Provided material:
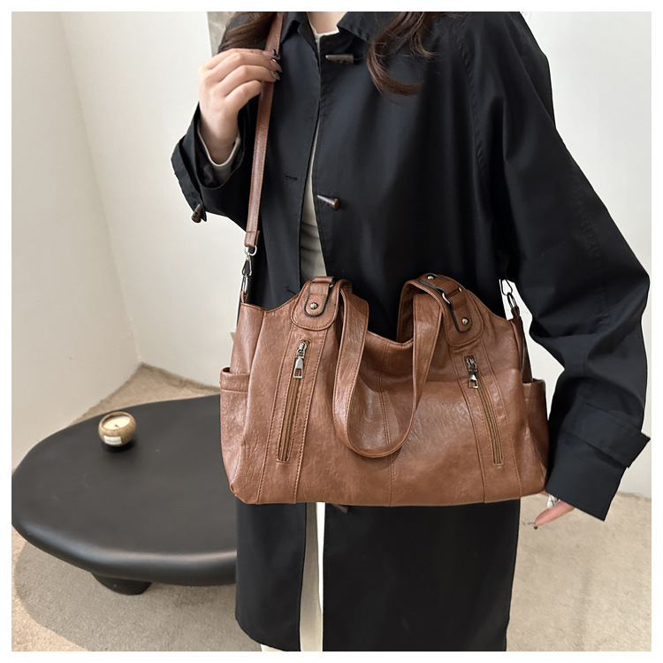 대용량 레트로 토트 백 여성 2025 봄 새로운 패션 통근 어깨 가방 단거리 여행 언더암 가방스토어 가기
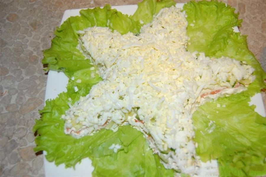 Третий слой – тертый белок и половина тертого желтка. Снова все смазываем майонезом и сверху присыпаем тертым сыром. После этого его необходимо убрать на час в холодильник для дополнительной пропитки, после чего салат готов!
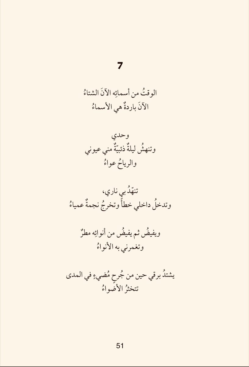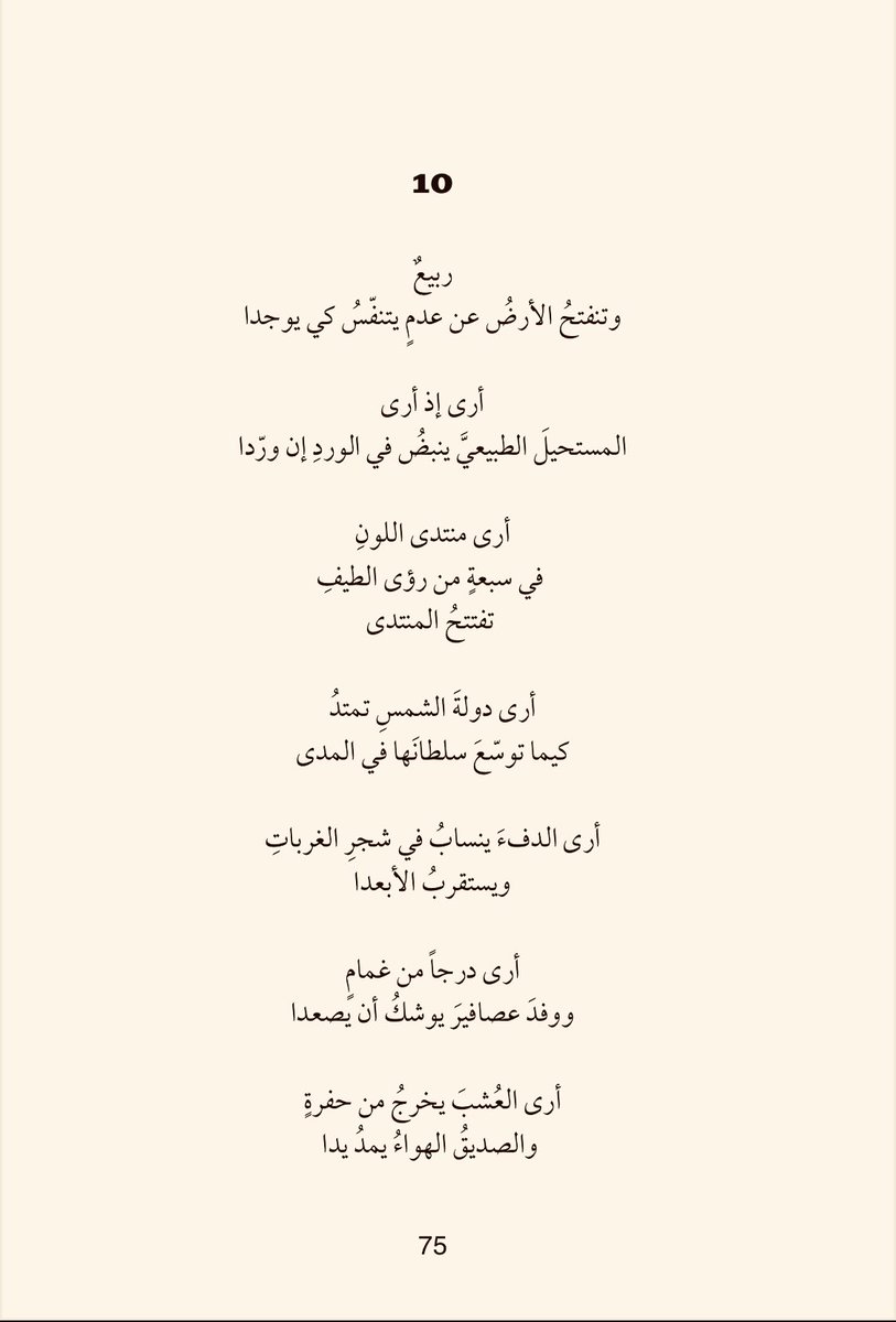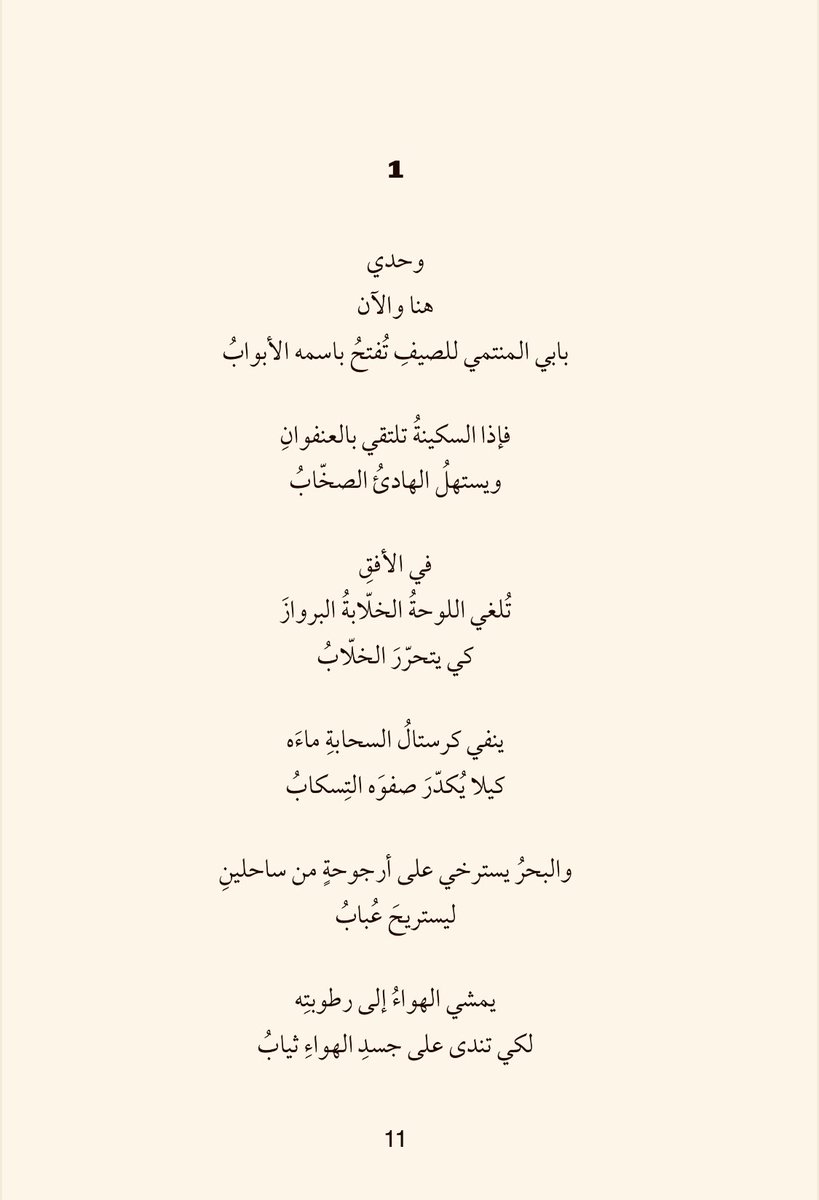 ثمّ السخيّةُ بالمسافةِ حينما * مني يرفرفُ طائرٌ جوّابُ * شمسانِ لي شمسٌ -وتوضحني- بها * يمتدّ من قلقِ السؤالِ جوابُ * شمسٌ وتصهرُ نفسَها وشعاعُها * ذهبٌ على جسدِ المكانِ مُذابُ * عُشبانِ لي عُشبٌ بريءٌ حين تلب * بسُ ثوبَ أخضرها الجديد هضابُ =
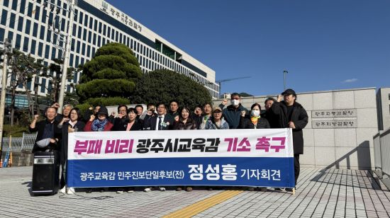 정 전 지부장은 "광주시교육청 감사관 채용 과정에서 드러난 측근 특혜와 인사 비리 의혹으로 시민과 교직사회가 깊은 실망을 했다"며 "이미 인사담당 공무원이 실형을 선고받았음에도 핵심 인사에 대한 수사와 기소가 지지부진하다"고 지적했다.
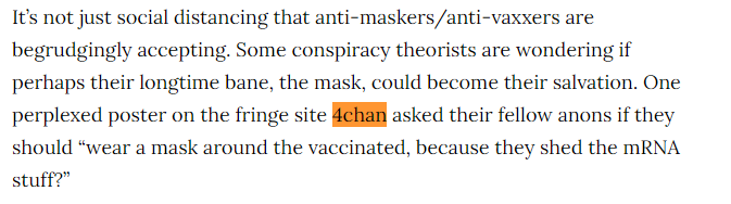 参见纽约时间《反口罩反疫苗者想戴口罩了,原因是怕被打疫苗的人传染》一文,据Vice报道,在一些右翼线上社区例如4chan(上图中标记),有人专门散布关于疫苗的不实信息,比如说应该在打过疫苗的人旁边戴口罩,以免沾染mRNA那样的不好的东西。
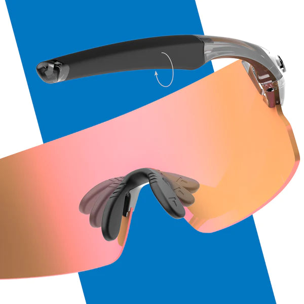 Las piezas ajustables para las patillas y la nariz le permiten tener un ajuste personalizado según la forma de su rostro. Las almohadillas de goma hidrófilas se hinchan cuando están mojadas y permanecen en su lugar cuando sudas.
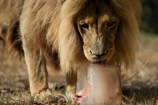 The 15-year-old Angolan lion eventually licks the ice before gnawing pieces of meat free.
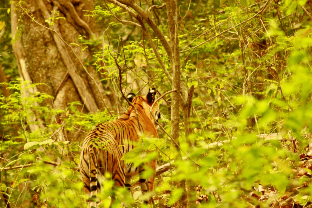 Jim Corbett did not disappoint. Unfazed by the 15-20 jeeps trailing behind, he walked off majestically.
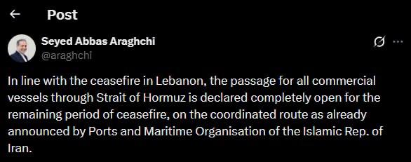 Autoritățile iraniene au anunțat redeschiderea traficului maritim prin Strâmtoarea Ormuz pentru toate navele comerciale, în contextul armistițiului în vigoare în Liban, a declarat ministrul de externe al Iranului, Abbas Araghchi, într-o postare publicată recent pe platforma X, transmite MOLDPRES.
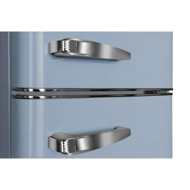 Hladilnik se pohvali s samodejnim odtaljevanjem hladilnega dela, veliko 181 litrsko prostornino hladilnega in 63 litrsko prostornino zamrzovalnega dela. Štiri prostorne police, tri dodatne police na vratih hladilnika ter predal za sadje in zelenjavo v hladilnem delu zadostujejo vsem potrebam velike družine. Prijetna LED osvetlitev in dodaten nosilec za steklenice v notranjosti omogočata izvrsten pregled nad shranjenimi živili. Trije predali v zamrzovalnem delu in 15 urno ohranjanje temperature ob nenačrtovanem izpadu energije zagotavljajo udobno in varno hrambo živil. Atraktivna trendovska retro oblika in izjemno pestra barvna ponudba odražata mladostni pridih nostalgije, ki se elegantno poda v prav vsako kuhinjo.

Task item:
Without the pictures, give all the records above again exactly.

Solved problem:
 대용량 레트로 토트 백 여성 2025 봄 새로운 패션 통근 어깨 가방 단거리 여행 언더암 가방스토어 가기
 Третий слой – тертый белок и половина тертого желтка. Снова все смазываем майонезом и сверху присыпаем тертым сыром. После этого его необходимо убрать на час в холодильник для дополнительной пропитки, после чего салат готов!
 ثمّ السخيّةُ بالمسافةِ حينما * مني يرفرفُ طائرٌ جوّابُ * شمسانِ لي شمسٌ -وتوضحني- بها * يمتدّ من قلقِ السؤالِ جوابُ * شمسٌ وتصهرُ نفسَها وشعاعُها * ذهبٌ على جسدِ المكانِ مُذابُ * عُشبانِ لي عُشبٌ بريءٌ حين تلب * بسُ ثوبَ أخضرها الجديد هضابُ =
 정 전 지부장은 "광주시교육청 감사관 채용 과정에서 드러난 측근 특혜와 인사 비리 의혹으로 시민과 교직사회가 깊은 실망을 했다"며 "이미 인사담당 공무원이 실형을 선고받았음에도 핵심 인사에 대한 수사와 기소가 지지부진하다"고 지적했다.
 参见纽约时间《反口罩反疫苗者想戴口罩了,原因是怕被打疫苗的人传染》一文,据Vice报道,在一些右翼线上社区例如4chan(上图中标记),有人专门散布关于疫苗的不实信息,比如说应该在打过疫苗的人旁边戴口罩,以免沾染mRNA那样的不好的东西。
 Las piezas ajustables para las patillas y la nariz le permiten tener un ajuste personalizado según la forma de su rostro. Las almohadillas de goma hidrófilas se hinchan cuando están mojadas y permanecen en su lugar cuando sudas.
 The 15-year-old Angolan lion eventually licks the ice before gnawing pieces of meat free.
 Jim Corbett did not disappoint. Unfazed by the 15-20 jeeps trailing behind, he walked off majestically.
 Autoritățile iraniene au anunțat redeschiderea traficului maritim prin Strâmtoarea Ormuz pentru toate navele comerciale, în contextul armistițiului în vigoare în Liban, a declarat ministrul de externe al Iranului, Abbas Araghchi, într-o postare publicată recent pe platforma X, transmite MOLDPRES.
 Hladilnik se pohvali s samodejnim odtaljevanjem hladilnega dela, veliko 181 litrsko prostornino hladilnega in 63 litrsko prostornino zamrzovalnega dela. Štiri prostorne police, tri dodatne police na vratih hladilnika ter predal za sadje in zelenjavo v hladilnem delu zadostujejo vsem potrebam velike družine. Prijetna LED osvetlitev in dodaten nosilec za steklenice v notranjosti omogočata izvrsten pregled nad shranjenimi živili. Trije predali v zamrzovalnem delu in 15 urno ohranjanje temperature ob nenačrtovanem izpadu energije zagotavljajo udobno in varno hrambo živil. Atraktivna trendovska retro oblika in izjemno pestra barvna ponudba odražata mladostni pridih nostalgije, ki se elegantno poda v prav vsako kuhinjo.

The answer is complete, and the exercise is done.